What is ultimately alleged, therefore, is not the non-existence of a procedural mechanism of predetermination of the maximum terms of pre-trial detention, but the fact that in relation to the crime of importation of significant quantities ("commercial quantities," according to Indian criminal terminology) of narcotics as in the case at hand, it is very likely that the pre-trial detention will be prolonged until conviction and execution of the sentence. Again, therefore, a particular domestic procedural practice of the requesting state cannot serve as an obstacle to surrender, especially when a procedural mechanism-formally respectful of the fundamental principle allegedly violated-actually exists.

2.4. The grievance based on the possible discrimination that the extradited person might suffer as a result of his membership in the Sikh religious minority was also not raised before the substantive court.

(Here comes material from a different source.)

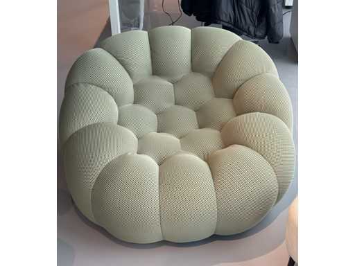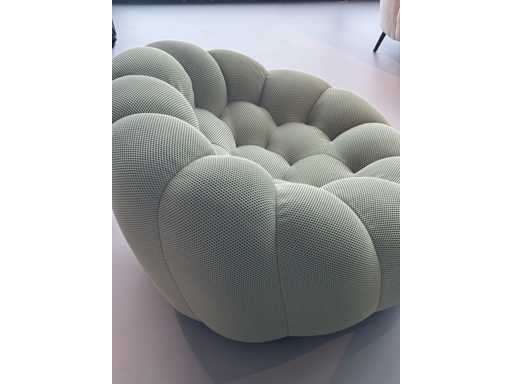 1x Fauteuil Design, tissu vert, polyester, modèle : BBL-13, dimensions : 123x118x71cm, inutilisé

In the appeal this membership is linked to the frequent use of torture by the Indian police force during separatist demonstrations dating back to the year 2013.

The complaint appears beyond general and as such must be disregarded.

It is also a well-known fact that separatist actions of the Sikh minority took place in the state of Punjab during the years 1983-1984, when in a spiral of actions and retaliation, there were pogroms and murders of members of the minority as well as the killing of the Indian prime minister at the time (Indira Gandhi) by one of her ethnic Sikh bodyguards. It is equally notorious, however, that since then the greater autonomy granted to the state of Punjab and the full religious, cultural, and legal recognition of the minority has greatly attenuated those tensions, configuring a situation that, if it does not exclude the existence of fringe groups that still cultivate separatist and revenge ideas, cannot, however, be defined as oppressive or discriminatory against that community.

3. The appealed judgment should, therefore, be annulled limited to the above point with referral of the acts to another section of the territorial court for new judgment.

FPOR THESE REASONS

annuls the judgment and refers the case back to another section of the Turin Court of Appeals for new judgment.

Sends to the Clerk's Office for the fulfillments pursuant to Article 203 disp. att. cod. proc. penale.